# Notebook 02: Feature Analysis
## Feature Rationale & Diagnostic Validation

### Objectives
1. Justify the chosen feature set (link statistics to why features were retained)
2. Demonstrate feature engineering impact (pre vs. post)
3. Validate feature quality (distributions, correlations, vehicle-specific behavior)
4. Identify most predictive features for theft detection

## Setup

In [None]:
import sys
from pathlib import Path
sys.path.insert(0, str(Path.cwd().parent))

import pandas as pd
import numpy as np
import matplotlib.pyplot as plt
import seaborn as sns
from scipy import stats

from src.config.loader import load_config
from src.features.engineering import FeatureEngineer
from src.utils.timezone import ensure_series_utc

config = load_config(
    detection_config_path=Path("../config/detection_config.yaml"),
    model_config_path=Path("../config/model_config.yaml"),
    path_config_path=Path("../config/paths_config.yaml")
)

# Load events (should have features already engineered from 03_train_models.py)
events_df = pd.read_csv(config.paths.output.events_csv)
events_df['start_time'] = pd.to_datetime(events_df['start_time'], utc=True)
events_df['end_time'] = pd.to_datetime(events_df['end_time'], utc=True)
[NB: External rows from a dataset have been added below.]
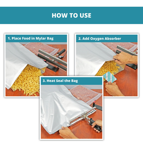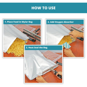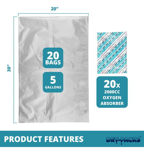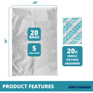 Dry-Packs 20 5 Gallon Mylar Bags with Oxygen Absorbers for Food Storage, 2000cc Oxygen Absorber, Long Term Food Storage Solution, Durable and Reliable Mylar Bags, 20×30 Silver – Heavy-Duty & Versatile Mylar Bags: Our 20×30 mylar bags for food storage are 4.3 mil thick, offering exceptional durability and puncture resistance. Ideal for long-term food storage, these mylar bags protect against light, moisture, and oxygen. – Reusable & Sealable: These 20 5-gallon mylar bags can be heat-sealed with a hot iron and resealed after opening. Each package includes oxygen absorbers (2000cc each) to maintain an airtight seal for effective food preservation. – Ideal for Long-Term Food Storage: Perfect for preserving dried and dehydrated foods like grains, coffee beans, nuts, and more. These mylar bags with oxygen absorbers ensure your food remains fresh for extended periods. – Comprehensive Protection with Oxygen Absorbers: Each bag comes with a 2000cc Oxy-Sorb oxygen absorber featuring an indicator pill to monitor oxygen levels, ensuring optimal conditions for long-term food storage. – Generous Capacity & Versatile Use: Each set includes 10 large 5-gallon mylar bags, perfect for storing grains, rice, oats, coffee beans, nuts, and more. These mylar bags for long-term food storage come with 2000cc oxygen absorbers, ensuring your food stays fresh and well-preserved.
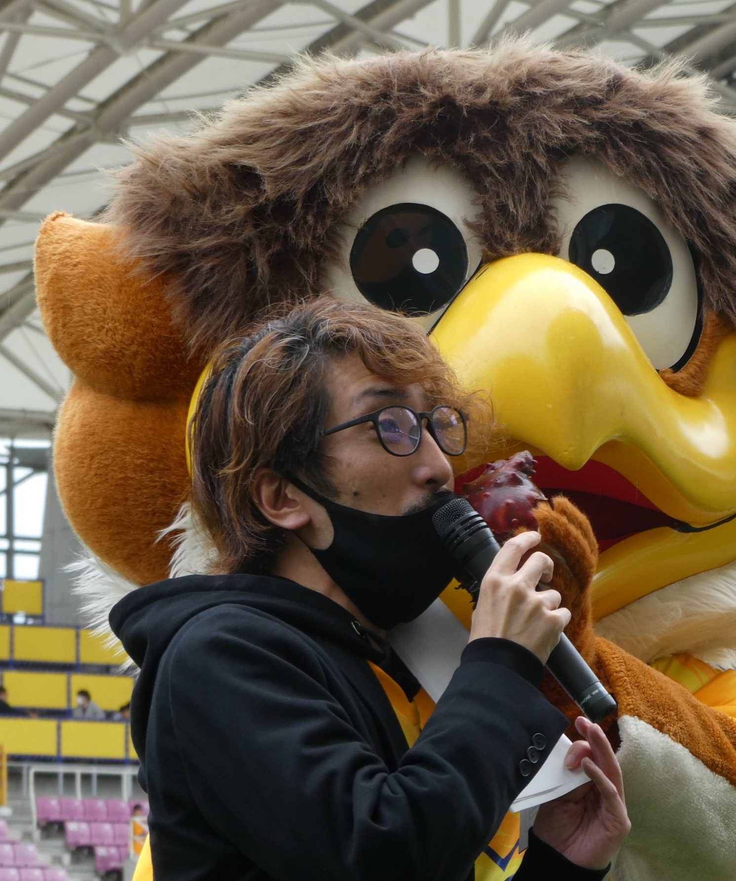当然、婚活パーティーのMCは、ぼくといづみちゃん!ただし、ぼくはしゃべれないのでサポートで
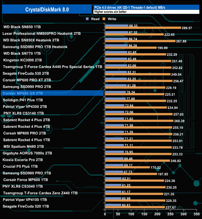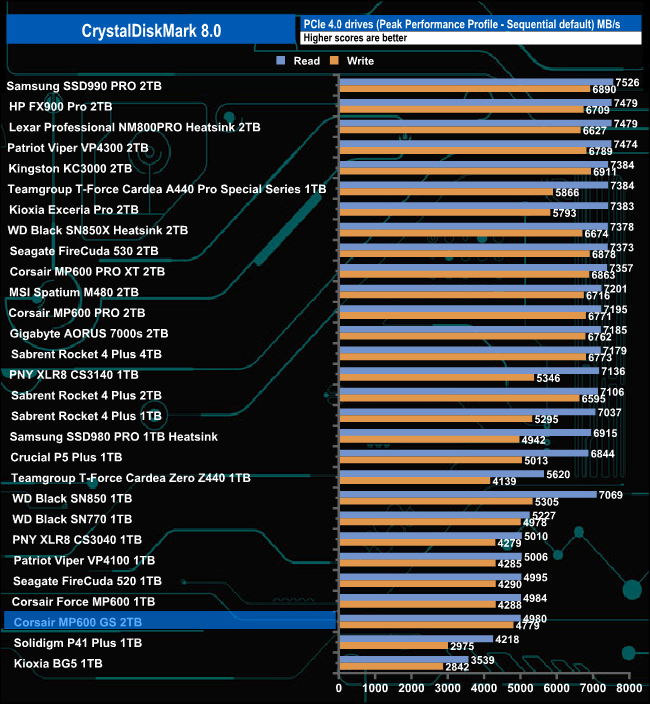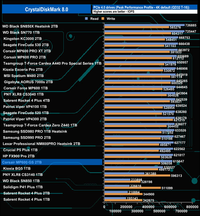 The Corsair MP600 GS random read figure sees the drive in the bottom half of the table.
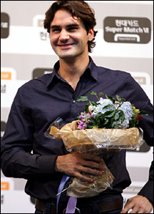 راجر فدرر خوش اخلاق و خوشحال برای اولین از سه مسابقه با پیت سمپراس وارد سئول، پایتخت کره جنوبی شد.
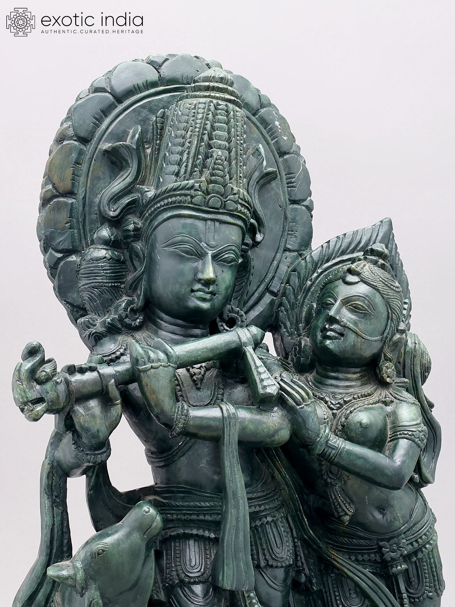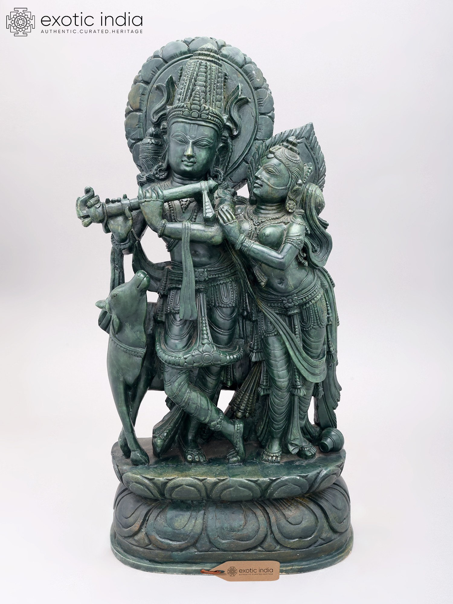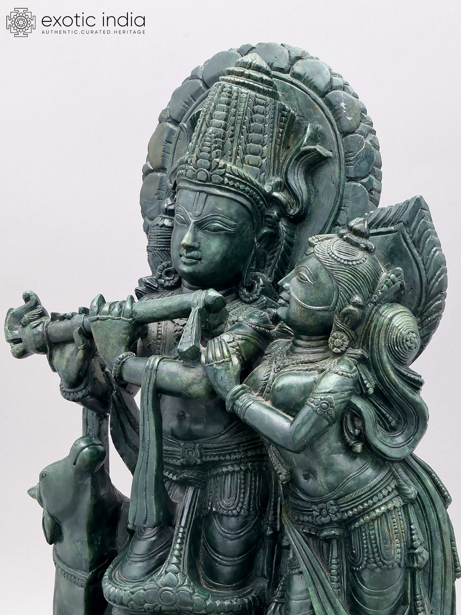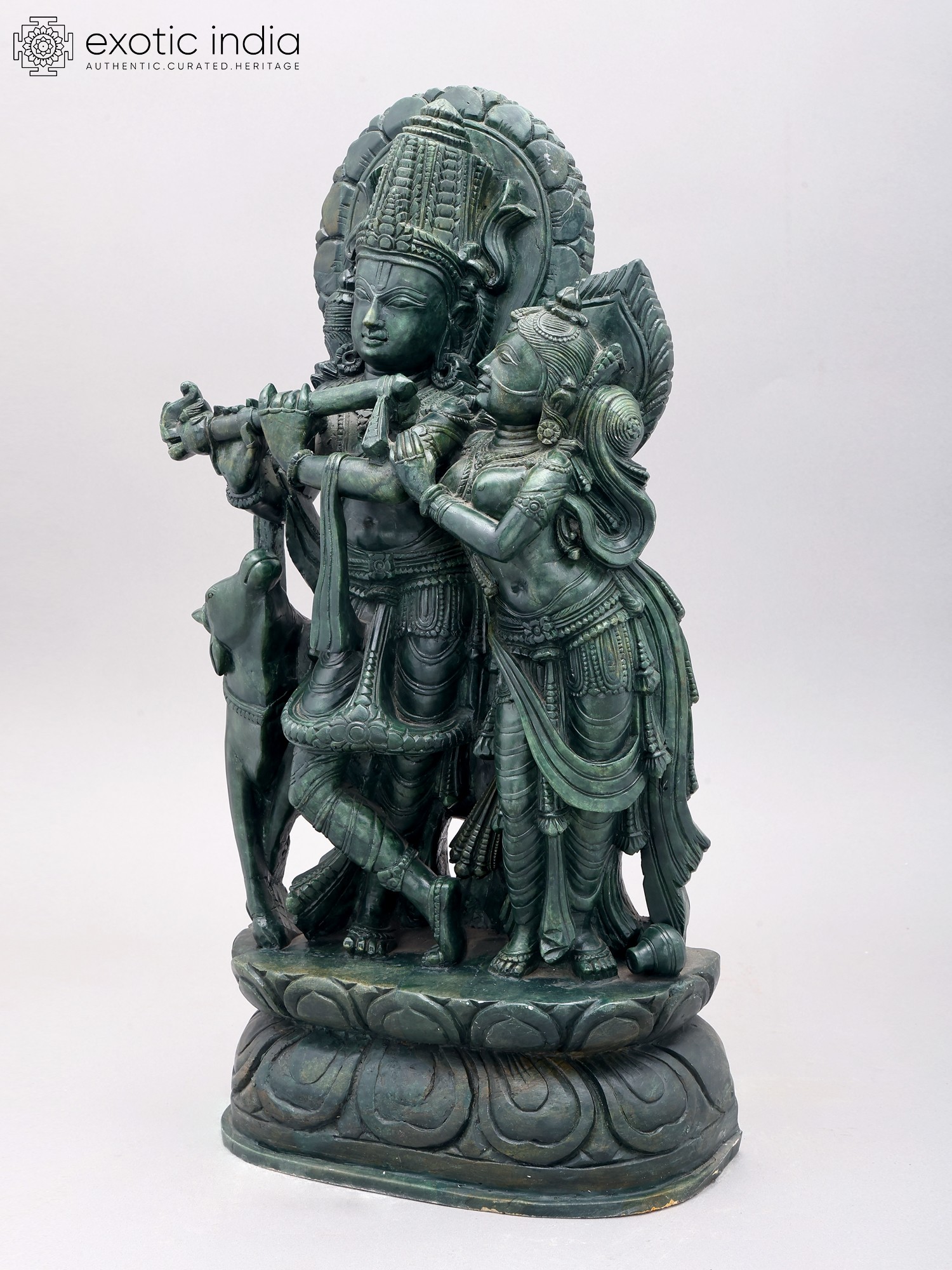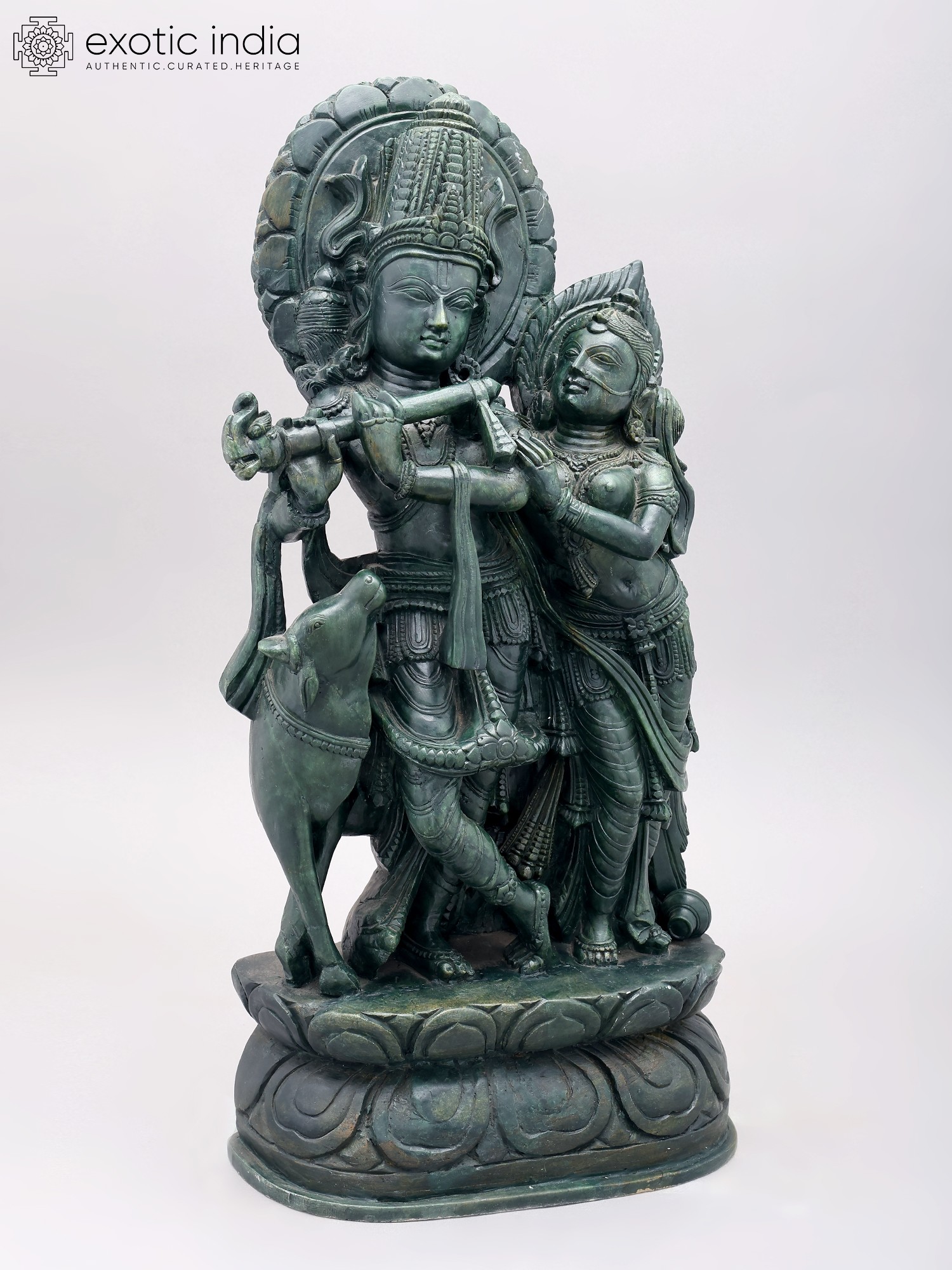Orissa Green Stone Statue: 22" Radha Krishna with Cow
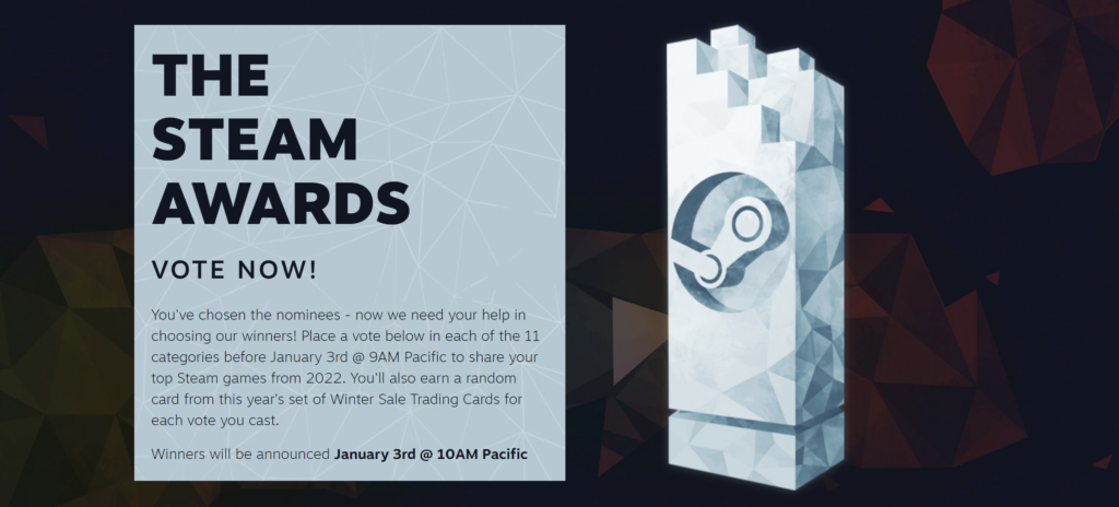 עכשיו יהיה זמין טוב להקדיש כמה דקות להצבעה על המשחקים המובילים ב-Steam בשנת 2022 מנקודת המבט שלכם – אחרי שהמועמדים גובשו וכמעט הכל כבר מוכן להכרזה על המנצחים המאושרים בימים הראשונים של 2023.
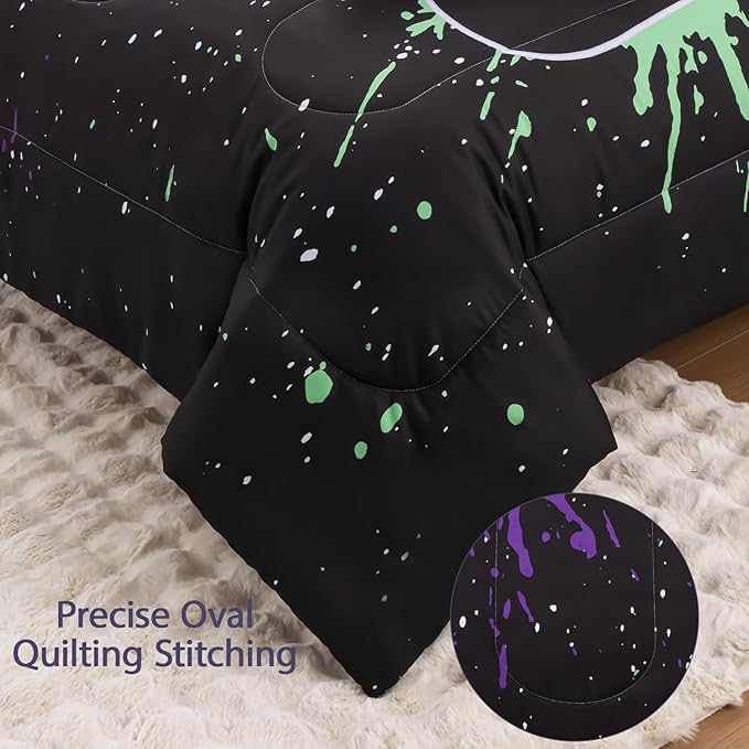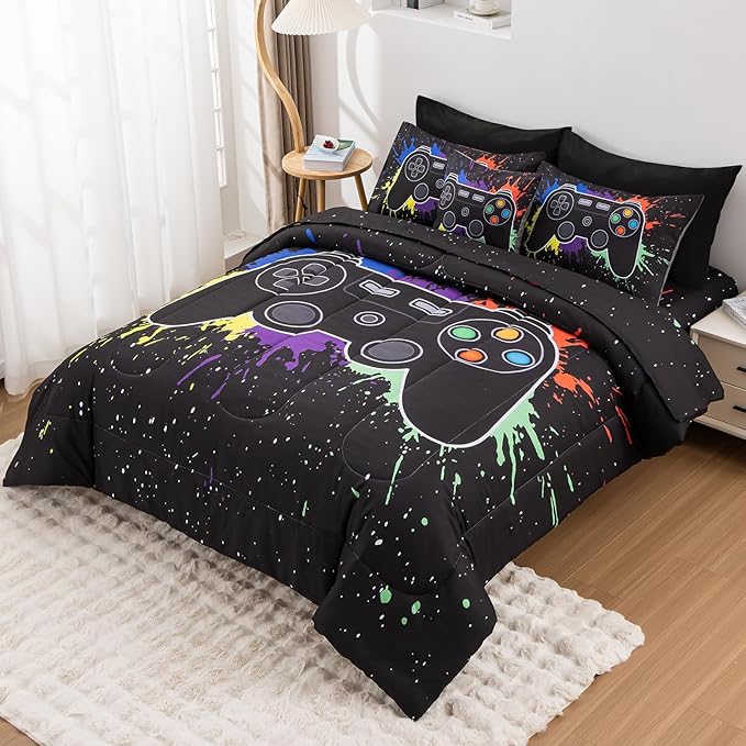 About This 🎮[Game Controller Design]: 3D video game controller comforter with rainbow splatter colors, making it a piece of artistic...

# Load feature importance (from training)
fi_path = Path("../data/reports/feature_importance.csv")
if fi_path.exists():
    feature_importance = pd.read_csv(fi_path)
else:
    print("⚠️ Feature importance not found. Run 03_train_models.py first.")
    feature_importance = None

print(f"Loaded {len(events_df):,} events with {len([c for c in events_df.columns if c not in ['vehicle_id','start_time','end_time','pattern','y','is_train']])} features")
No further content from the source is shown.